Given a task and a cluttered scene, the robot can select the object that possesses the related affordance, grasp the correct part,
and apply the functional part to the target object to perform desired actions.

Abstract

Affordance, defined as the potential actions that an object offers, is crucial for embodied AI agents. For example, such knowledge directs an agent to grasp a knife by the handle for cutting or by the blade for safe handover. While existing approaches have made notable progress, affordance research still faces three key challenges: data scarcity, poor generalization, and real-world deployment. Specifically, there is a lack of large-scale affordance datasets with precise segmentation maps, existing models struggle to generalize across different domains or novel object and affordance classes, and little work demonstrates deployability in real-world scenarios.

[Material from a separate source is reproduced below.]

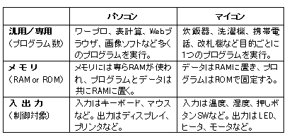 パソコンとマイコンは原理的には同じであるとしても、このように物理的イメージは両者で全く異なります。使用実態と構成面からの主な相違点を下表にまとめます。
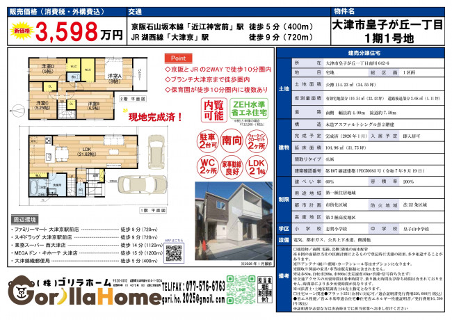 1. 皇子が丘一丁目 1期1号地(大津京エリア)

In this work, we address these issues by proposing a complete affordance learning system that (1) takes in egocentric videos and outputs precise affordance annotations without human labeling, (2) leverages geometric information and vision foundation models to improve generalization, and (3) introduces a framework that facilitates affordance-oriented robotic manipulation such as tool grasping and robot-to-human tool handover.

Experimental results show that our model surpasses the state-of-the-art by 13.8% in mIoU, and the framework achieves 77.1% successful grasping among 179 trials, including evaluations on seen, unseen classes, and cluttered scenes.

Geometry-guided Affordance Transformer (GAT)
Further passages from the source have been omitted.